Malcom le porse un fucile, ma tenendo sempre puntato l’altro: “Sparale o sparerò a te.” Lei sgranò
gli occhi e scosse la testa, lui le punto l’arma alla tempia e sul suo volto non c’era segno di
nervosismo, appoggiò l’indice sul grilletto e Jezebel impugno meglio il fucile. “Puntalo sulla sua
faccia, chiudi gli occhi e tira il grilletto.” Iniziò a piangere cercando di chiedere scusa con la voce
colma di saliva e tappata dal nastro; Malcom capì, puntò l’arma sull’altra ragazza e da circa un
metro e mezzo di distanza le sparò un colpo in pieno volto, ribaltandola dalla sedia con totale
freddezza e puntando ancora una volta il fucile verso lei, che stava continuando a piangere
ininterrottamente; “Ora punta il fucile contro di me, ma stavolta spara prima che lo faccia io, perché
adesso sarai tu a perdere la vita.” Lui le levò lo scotch dalla bocca e lei non urlò, non avrebbe mai
fatto una cosa così stupida, si sarebbe ritrovata una pallottola nel cranio senza accorgersene.
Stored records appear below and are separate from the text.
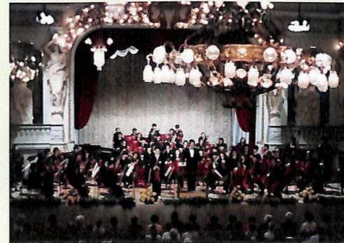
東ドイツ演奏旅行
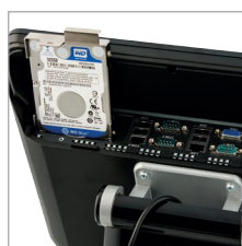
Einfach, schnell und werkzeu-frei im (Zu)griff: Massenspei-cher und Schnittstellen sind leicht erreichbar und im Servicefall schnell zu wechseln
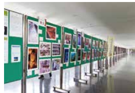
8月に埼玉県庁で行われた写真展では、学校単独で70点展示。

お近くの人、ぜひどうぞ! ~若き才能の萌芽~ 妻沼高校写真部作品展 9月7日(火)~12月5日(日)
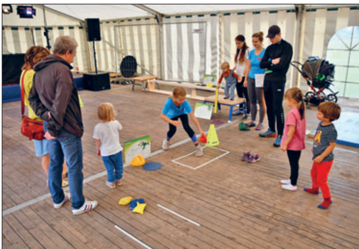
Kinderparcours der Leichtathletikabteilung

Die große Zahl der Interessierten, die sich am Samstag und Sonntag zu den Turnieren und an den Stationen des Familienfests einfanden sollte den 28-ern durchaus Recht geben, dass man auch künftig über eine solche Kombination des Fests nachdenken kann.
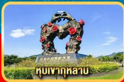
ทิวเขากุหลาบ
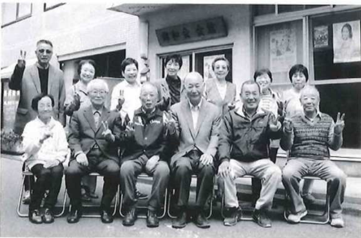
50周年時はマスクもなく笑顔で集まっていました

最近になって、ようやく新型コロナウイルスの発生減少化の傾向が見られますので、今後とも感染対策を行いながら会員の皆様と楽しく老人会の活動に取り組み、創立55周年を迎えたいと思います。左の写真は、前回の創立50周年を祝う会で撮影したものです。
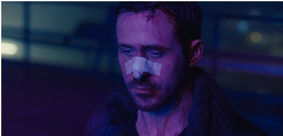
Abbildung 7: Der geschundene Joe – Denis Villeneuve (2017): Blade Runner 2049 , TC: 02:11:03

Für einen Bildvergleich in Zusammenhang mit der Ecce-homo-Szene scheinen hier viele Werke aus weiteren Epochen passend und ertragreich (s. u.). Bei den diversen Übersetzungen der Bibelstelle (Joh 19,5) wird deutlich, dass neben dem Hinweis auf die konkrete Person Jesu eine anthropologische Dimension bedeutsam ist, die auch in bildnerischen Adaptionen der Ecce-homo-Szene ausgemacht werden mag. – Davon, dass mit dem Finger auf Jesus gezeigt wird (so wie das Frauenhologramm mit dem Finger auf Joe deutet), ist zwar im biblischen Text nichts zu lesen – die Aufforderung „Ecce homo“ lässt aber eine solche Gestik (im Rahmen einer imaginativen bzw. künstlerischen Bebilderung der Szene, von der unklar bleiben muss, ob sie tatsächlich stattgefunden hat) naheliegend bzw. passend erscheinen, weshalb sie sich auch in einigen künstlerischen Darstellungen dieser Szene niederschlagen haben dürfte (z. B. Tizian: Ecce homo ). Der Fingerzeig er-
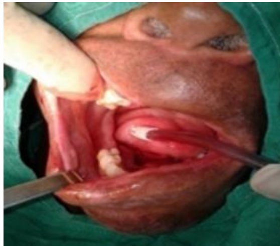
Fig. 3 - Obsérvese boca del paciente inmediatamente después de la cirugía.
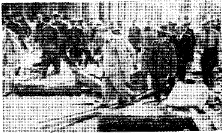
Churchill beskuer sitt verk i det utbombede Tyskland. Han forsøkte riktignok å bremse litt på Morgenthau og hans Presidentvenn Roosevelt, men gav kjøp da han trengte dollarstøtte. Heldigvis var det andre briter som var stivere i ryggen slik at Morgenthauplanen iallfall delvis kunne stanses.

Alle skal sprelle etter pengenes grimeskaft!
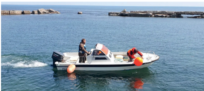
► Сотрудники института работают в Охотском море
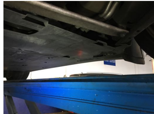
Soubassements gauches et droits
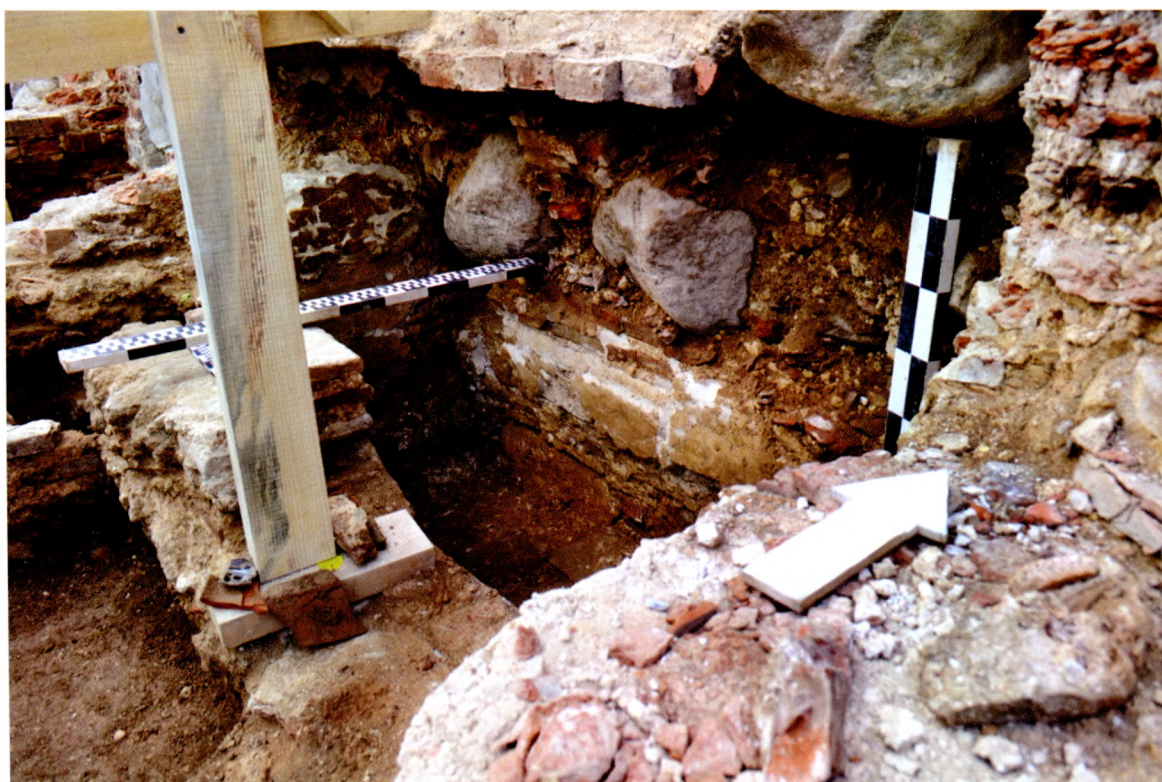
Аркасолій на паўднёвым фасадзе Спаса-Праабражэнскай царквы з саркафагам, у якім была знойдзена пячатка Еўфрасіні Полацкай.
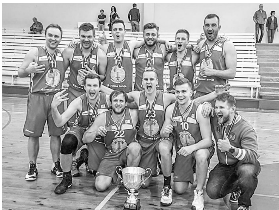
Basketbola kluba Salacgrīva komandai ļoti garā sezona noslēgusies uz pozitīvas nots
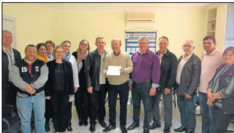
No Hospital Ouro Branco, encaminhamento de emenda

O deputado federal Elvino Bohn Gass (PT) esteve, recentemente, em Teutônia, para visitar entidades e acompanhar o investimento de emendas parlamentares destinadas. Acompanhado do suplente de vereador André Böhmer, o parlamentar visitou a comunidade de Linha Harmonia, onde está sendo construído um pavilhão com emenda de R$ 250 mil, próximo à escola e ao campo do Fluminense. No Hospital Ouro Branco, Bohn Gass confirmou o empenho de emenda parlamentar de R$ 200 mil.
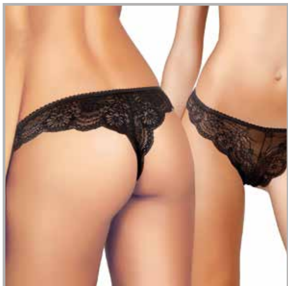
art. 1629 perizoma taglie: 2/4 colori: bianco nero

Impugnò nuovamente il fucile, che si incrociò con l’altro; “Spara!” “Ti amo!” Rispose lei con gli
occhi distrutti dalle lacrime e col cuore in mano.“Spara!” “No, ti amo!” Gli sguardi si incrociano,
ma stavolta non hanno la stessa espressione di cinque anni prima. “SPARA!” “ TI AMO!”
BOOOOOOM! Si sentì un boato rintronare in tutta la casa, che ormai l’udito di Malcom percepiva
come assoluto silenzio, il suo corpo giaceva per terra in mezzo ad un lago di sangue, proveniente
dal torace sfondato e Jezebel si sentì morire: iniziò ad urlare istericamente e a chiedersi come fosse
possibile, ma sapeva che Malcom era talmente innamorato da preferire di morire per mano della
persona che amava piuttosto che suicidarsi, non le avrebbe mai fatto del male, non le avrebbe
sparato.
Jezebel raccolse le forze rimanenti, prese il fucile, guardò in faccia la morte e stavolta, senza esitare
l’abbracciò, lasciando a gli occhi di terzi un triangolo della morte così perfetto e macabramente
affascinante.
“But is a clown who makes a joke in Jokeland, garanted like the kindless for a princess?”